Двусоставная формула религиозной санкции науки — «прославлять творца природы и способствовать благосостоянию человека» — стала и формой социаль-

ной санкции института науки. Действующая Хартия Королевского общества (скреплена большой государственной печатью 22 апреля 1663 года) предписывает членам общества вести исследования, «направленные на дальнейшее продвижение подтверждаемых авторитетом эксперимента наук о естественных вещах и о полезных искусствах во славу бога-творца и ради преуспеяния человеческого рода» (Merton, 1973: 235).

Пытаясь ответить на вопрос о мере искренности ученых, обращающихся за признанием к религии, Мертон выделяет в нем два существенно различающихся аспекта. Во-первых, это вопрос об опосредовании нового социального института уже существующими, который решается производно от силы и статуса опосредующих институтов, а не от состава и целей деятельности по нормам этих институтов. «Частное обращение ученых семнадцатого столетия за религиозной санкцией свидетельствует, прежде всего, о том, что религия была достаточно мощной социальной силой, чтобы взывать к ней о помощи некой деятельности, которая была для того времени внутренне много менее приемлемой, взывать к ней о помощи и поддержке. Это обстоятельство фиксирует внимание исследователя на той специфической и эффективной религиозной ориентации, которая могла бы инвестировать научную деятельность всеми видами ценностей и таким образом обеспечивала бы направление интересов верующих в каналы науки» (Merton, 1973: 237, 238). В этом смысле дело не в религии как таковой, а в ценностной совместимости опосредуемого нового и опосредующего наличного институтов. Во-вторых, речь может идти и о мере искренности как таковой, где приходится уже учитывать привходящие обстоятельства, в частности, и эволюцию восприятия науки самими учеными. «Усилия Спрата, Уилкинса, Бойля, Рея оправдаться в своем интересе к науке не представляют собой простого оппортунистического подобострастия, и являются скорее честной и серьезной попыткой оправдать пути науки перед Богом. Реформация переложила груз индивидуального спасения с церкви на индивида, и как раз это “всеохватывающее и напряженное чувство ответственности за собственную душу” частью объясняет как острое стремление к религиозному оправданию, так и упорную приверженность к собственному призванию. Если бы наука не была столь очевидно “законным” и желательным призванием, ей не удалось бы привлечь внимание тех, кто постоянно чувствовал над собой “глаз Великого Надсмотрщика”. Апологии науки порождались именно этой интенсивностью чувства» (Merton, 1973: 238).
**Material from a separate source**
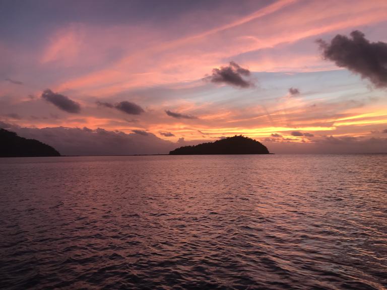 Yup, big winds and seas as expected. Did the 17nm in just a few hours - I hand steered the whole way. Surfing down waves at 7+ kts. Very wet, but no rain. Argued about whether we’d be able to get into anchorage and argued about other passages into reefs at Viti Levu. Arrived and anchored in Naigani at 11:30a.

В плане ценностной совместимости Мертон анализирует рационализм и эмпиризм как общие для пуритан и ученых ценностные основания. «Преувеличение способностей разума в этике пуритан, основанное частично на концепции рациональности как инструмента обуздания чувств, неизбежно вело к благожелательному восприятию тех видов деятельности, которые требуют постоянного приложения строгой логики. Но, с другой стороны, в отличие от средневекового рационализма, разум рассматривается как средство и нечто вспомогательное по отношению к эмпиризму. Спрат поспешно указывает на исключительную адекватность науки в этом отношении (“Кого следует считать наиболее плотски мыслящим? Энтузиаста, который загрязняет религию своими собственными страстями? Или экспериментатора, который использует разум не для того, чтобы подчинить его своим собственным желаниям, а для того, чтобы подавить их?”). Видимо, как раз в этом пункте пуританизм и научный темперамент находятся в наиболее полном согласии, поскольку

именно эта комбинация рационализма и эмпиризма, на которой так настаивают в пуританской этике, образует суть духа современной науки» (Merton, 1973: 238).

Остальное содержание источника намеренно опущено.